[[ INPUT, beginning ]]

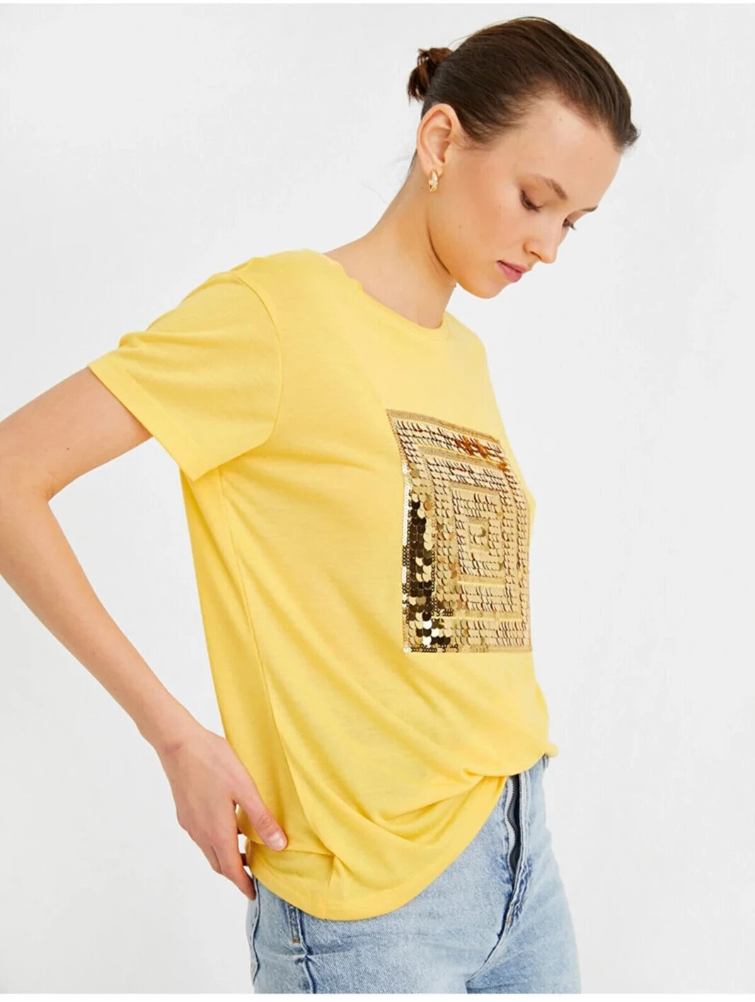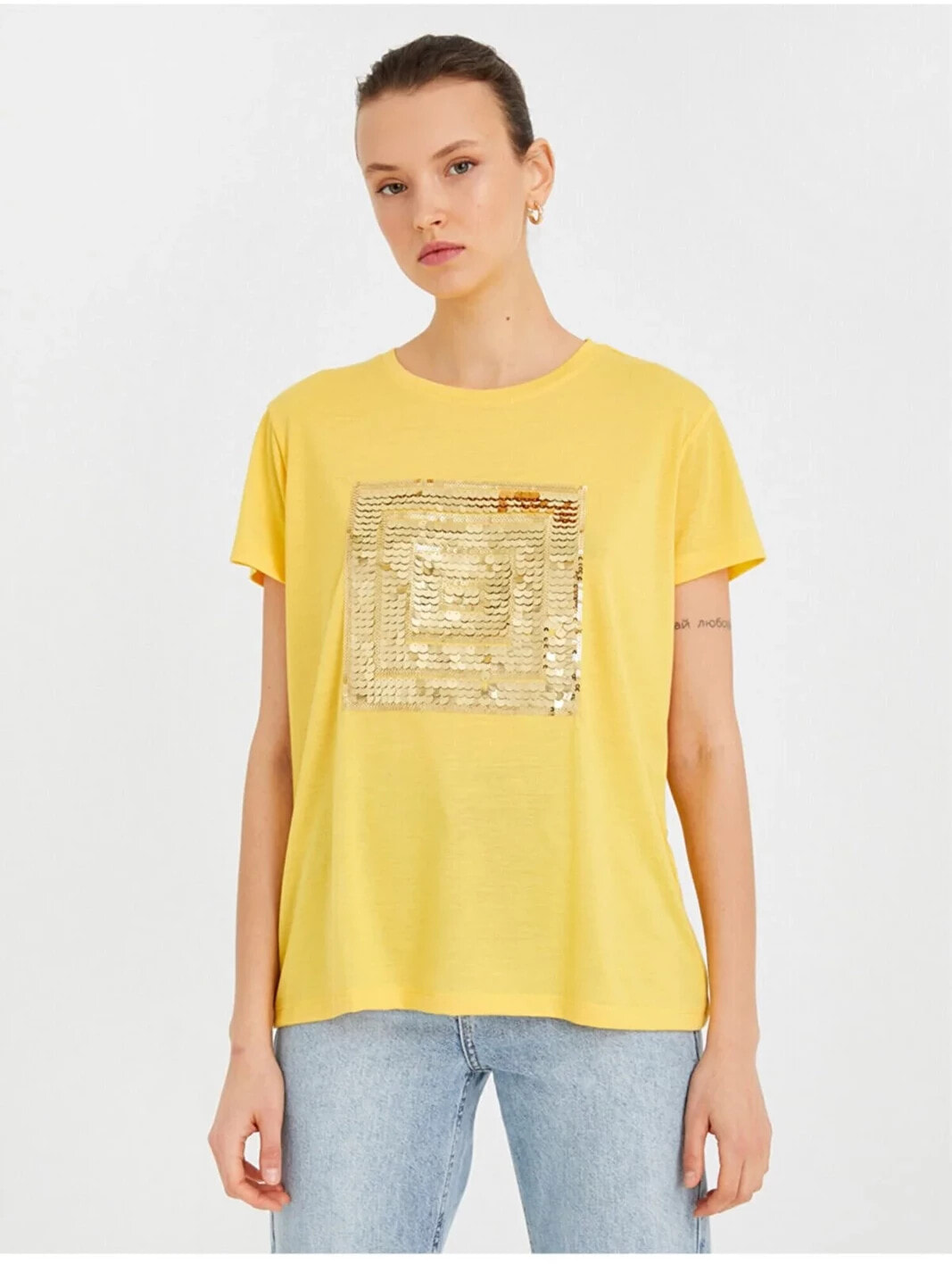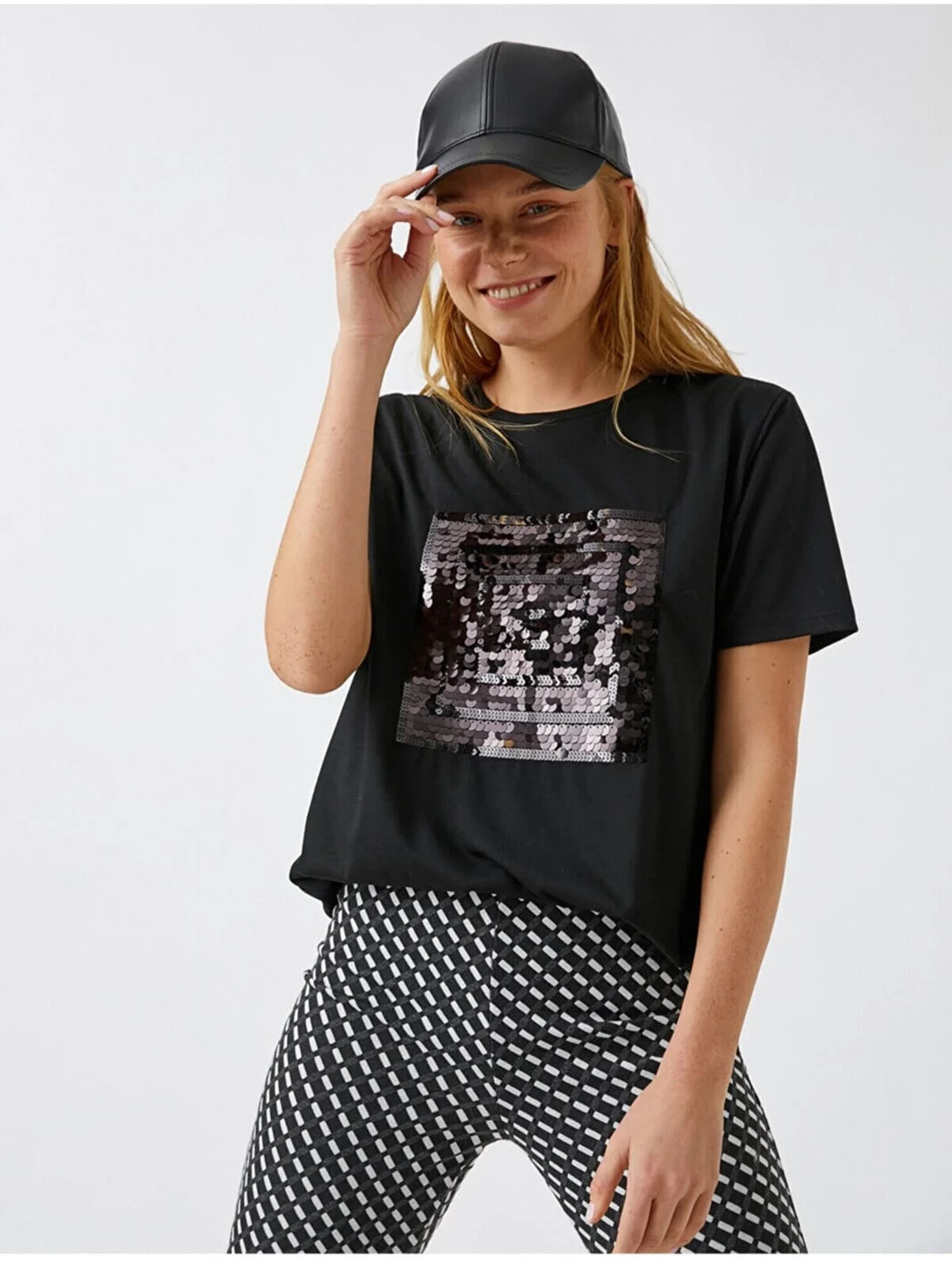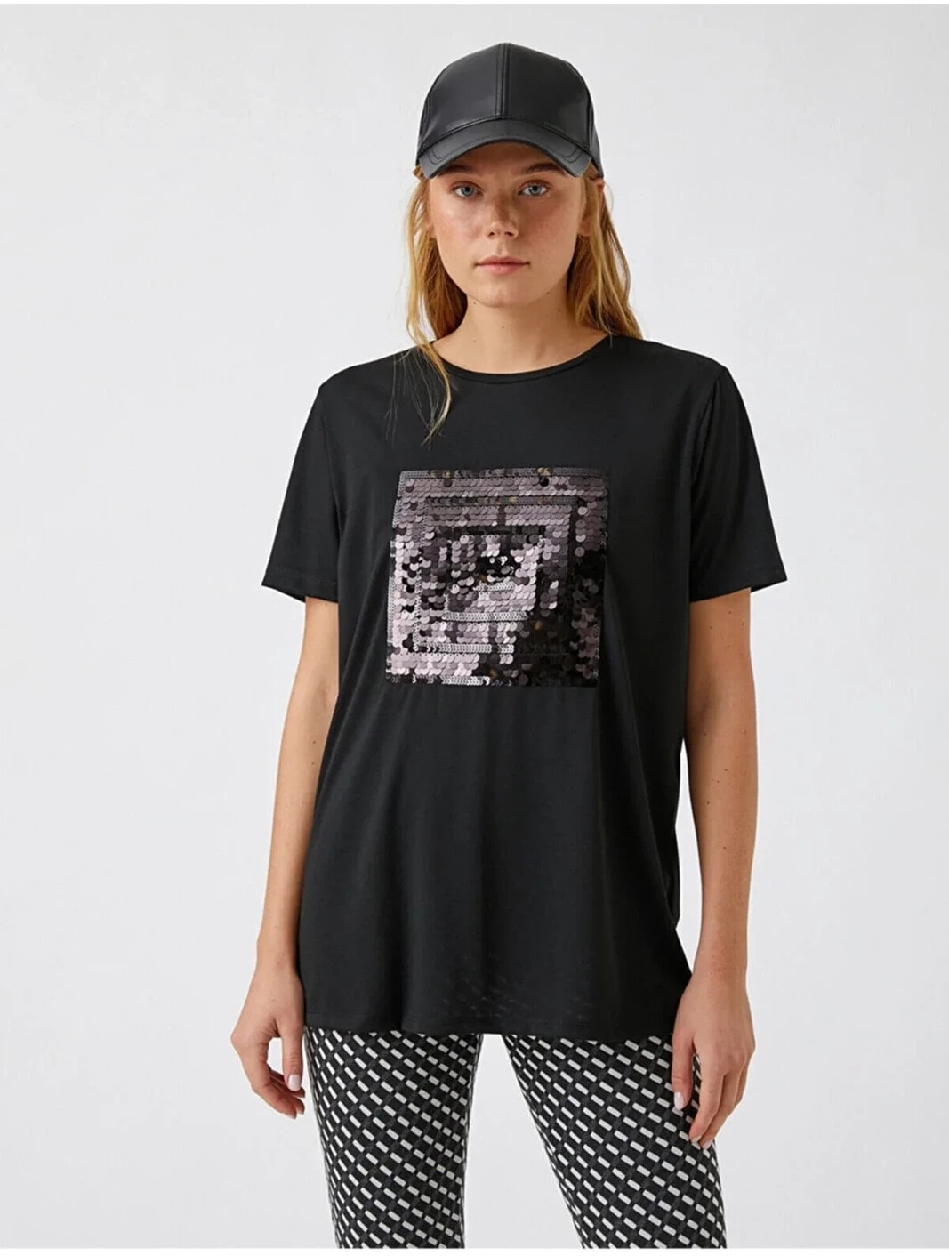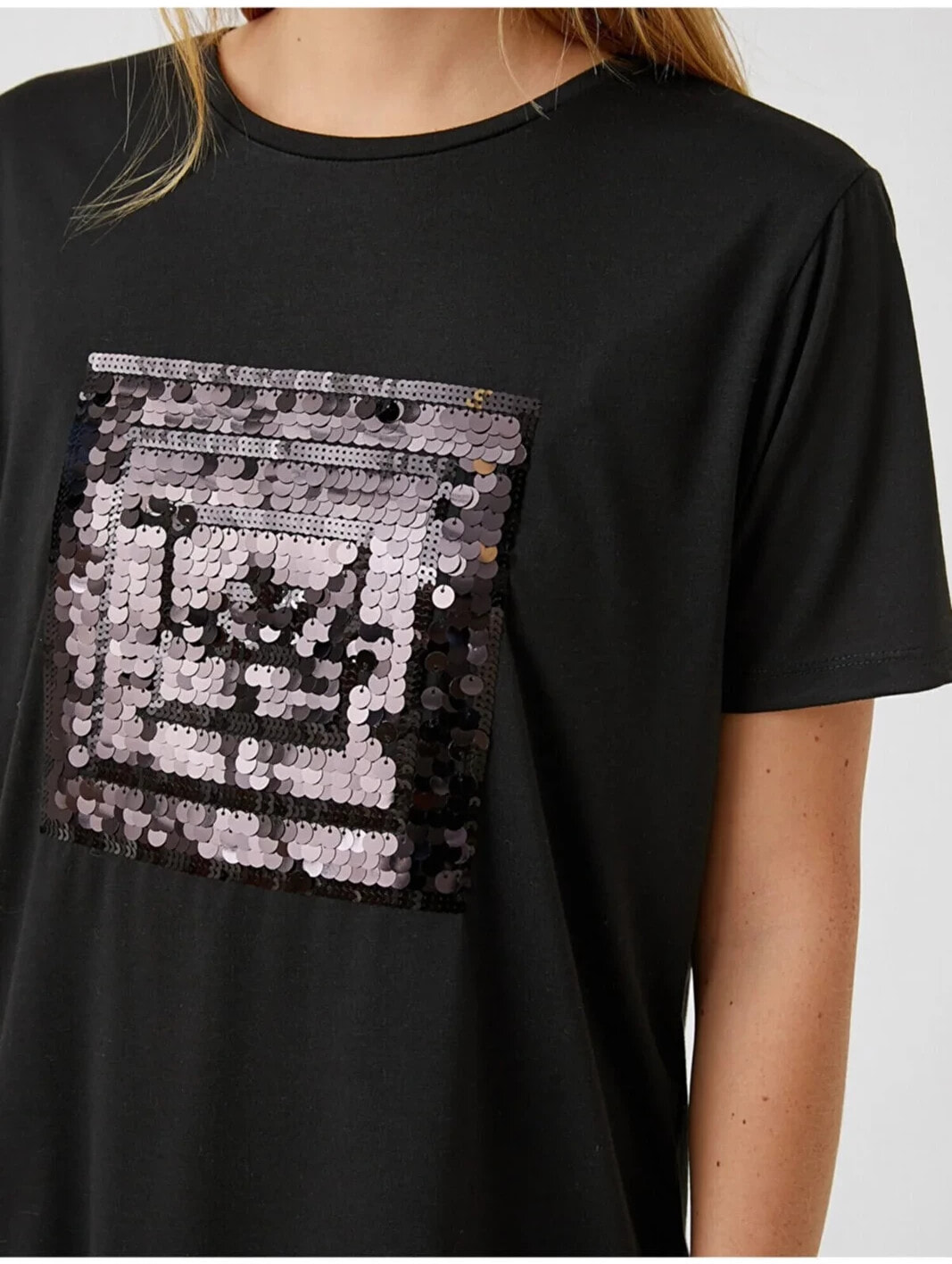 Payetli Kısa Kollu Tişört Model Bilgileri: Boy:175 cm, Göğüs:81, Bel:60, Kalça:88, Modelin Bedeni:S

[[ INPUT, end ]]
[[ INPUT, beginning ]]

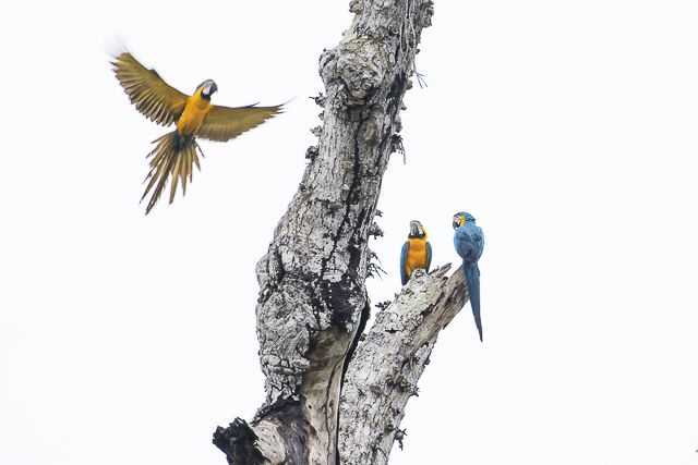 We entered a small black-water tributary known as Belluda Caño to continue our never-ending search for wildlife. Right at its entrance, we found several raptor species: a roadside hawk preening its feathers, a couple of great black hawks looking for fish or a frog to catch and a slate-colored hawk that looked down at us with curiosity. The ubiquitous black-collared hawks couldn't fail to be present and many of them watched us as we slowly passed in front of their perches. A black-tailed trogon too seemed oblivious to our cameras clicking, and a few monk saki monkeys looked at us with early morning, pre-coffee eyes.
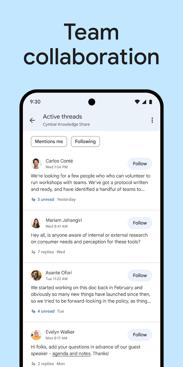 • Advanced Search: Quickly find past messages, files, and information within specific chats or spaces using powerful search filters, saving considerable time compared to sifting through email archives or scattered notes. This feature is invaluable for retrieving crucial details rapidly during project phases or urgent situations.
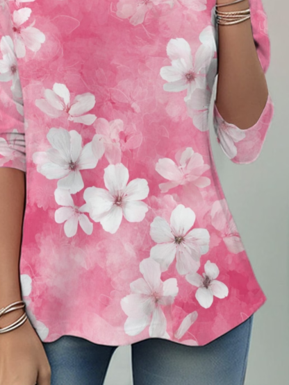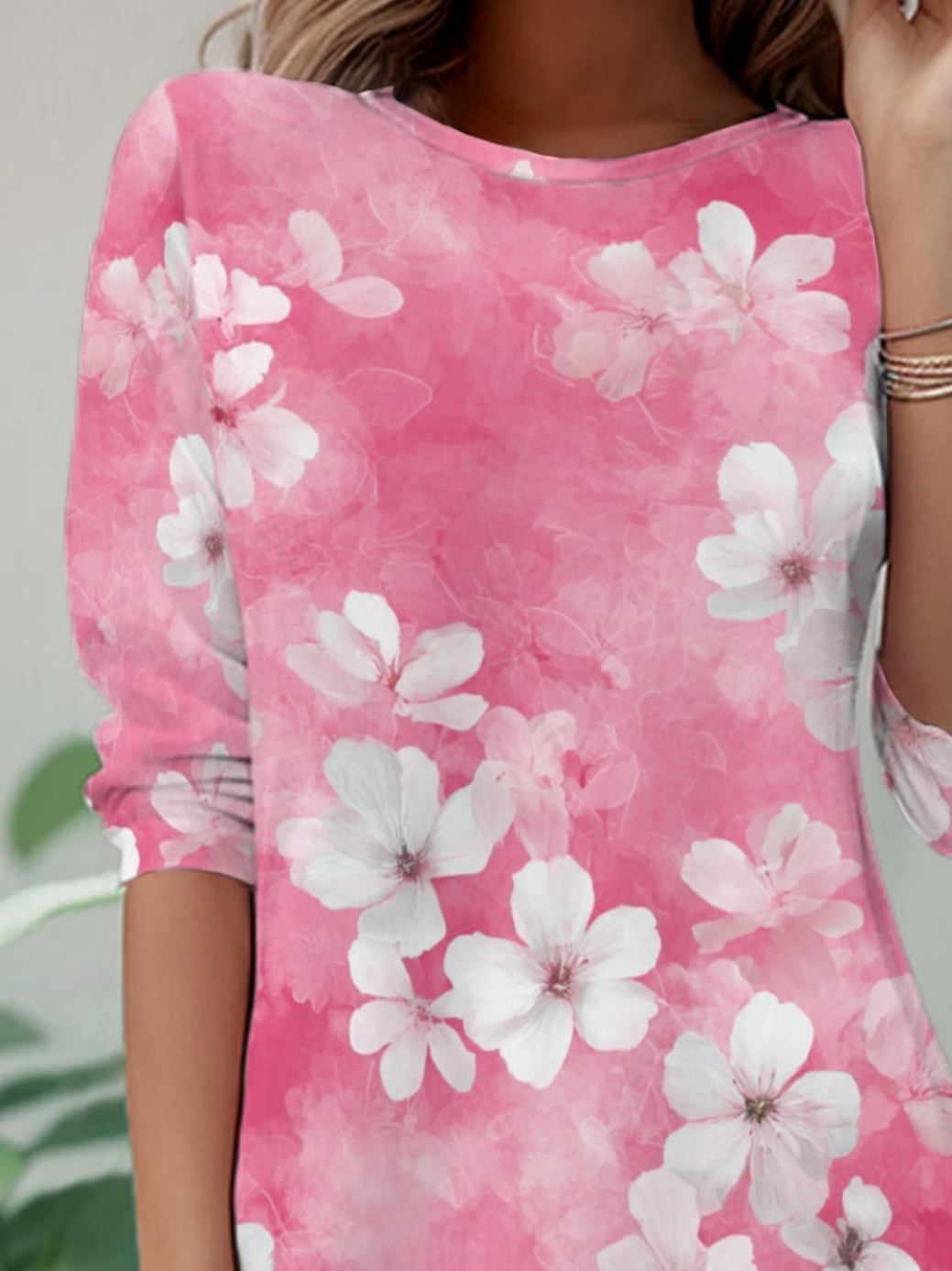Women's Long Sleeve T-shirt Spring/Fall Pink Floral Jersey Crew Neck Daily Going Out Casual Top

[[ INPUT, end ]]
[[ INPUT, beginning ]]

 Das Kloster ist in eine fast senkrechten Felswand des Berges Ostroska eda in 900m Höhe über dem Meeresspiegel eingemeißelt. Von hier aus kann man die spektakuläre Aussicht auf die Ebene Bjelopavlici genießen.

[[ INPUT, end ]]

**WORK INSTRUCTION**
Set down word for word the lines above from the one with "We entered a" up to and including the one with "Women's Long Sleeve". Omit every picture.

**RESPONSE TO THE EXERCISE**
 We entered a small black-water tributary known as Belluda Caño to continue our never-ending search for wildlife. Right at its entrance, we found several raptor species: a roadside hawk preening its feathers, a couple of great black hawks looking for fish or a frog to catch and a slate-colored hawk that looked down at us with curiosity. The ubiquitous black-collared hawks couldn't fail to be present and many of them watched us as we slowly passed in front of their perches. A black-tailed trogon too seemed oblivious to our cameras clicking, and a few monk saki monkeys looked at us with early morning, pre-coffee eyes.
 • Advanced Search: Quickly find past messages, files, and information within specific chats or spaces using powerful search filters, saving considerable time compared to sifting through email archives or scattered notes. This feature is invaluable for retrieving crucial details rapidly during project phases or urgent situations.
Women's Long Sleeve T-shirt Spring/Fall Pink Floral Jersey Crew Neck Daily Going Out Casual Top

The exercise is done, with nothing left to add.